Cheney: Obama Has Raised The Risk Of Attack On America

Cheney: Obama Has Raised The Risk Of Attack On America

Dick Cheney, in his first television interview since leaving office, didn't shy away from throwing a few haymakers at his White House successors, saying at one point that Barack Obama's policies had raised the risk of a domestic terrorist attack.

"I do," said the former vice president, when asked if President Obama's policies had made the U.S. less safe. "I think those programs were absolutely essential to the success we enjoyed of being able to collect the intelligence that let us defeat all further attempts to launch attacks against the United States since 9/11. I think that's a great success story. It was done legally. It was done in accordance with our constitutional practices and principles. President Obama campaigned against it all across the country. And now he is making some choices that, in my mind, will, in fact, raise the risk to the American people of another attack."

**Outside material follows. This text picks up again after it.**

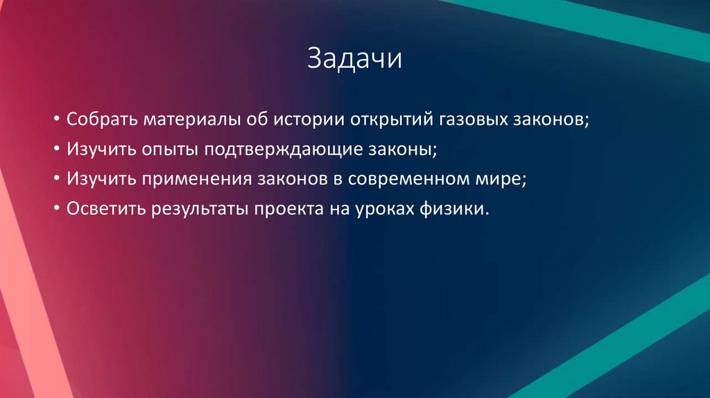 Задачи• Собрать материалы об истории открытий газовых законов;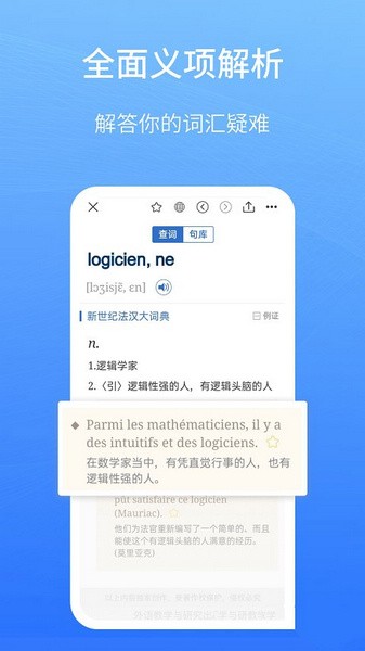 外研社法语大词典是一款专为法语学习者打造的查词软件,智能的查词体系不仅可以为大家提供法汉互译服务,大家还可以快速获得相应的例句内容,更好的理解和学习目标单词的释义用法。软件还有句库学习和单词记忆模块,让大家在查词的时候也能够轻松完成背单词的学习任务。软件内容丰富、查询方便,还有贴心的口语、听写练习模块,真正帮助大家提高法语水平。

Speaking to CNN's John King, Cheney was referencing the Obama administration's decision to close the detention center at Guantanamo Bay, to strictly outlaw torture and define water boarding as such, and to suspend trials for terrorists by military commission. His comments furthered a line of attack he had made against the president in his first post-office interview with Politico.

Cheney's foreign policy critiques didn't end there. He also whacked the president for appointing Christopher Hill as the country's top diplomat in Iraq.

"He is not the man I would have picked for that post," said Cheney of Hill. "He has none of the skills and talents that Ryan Crocker has."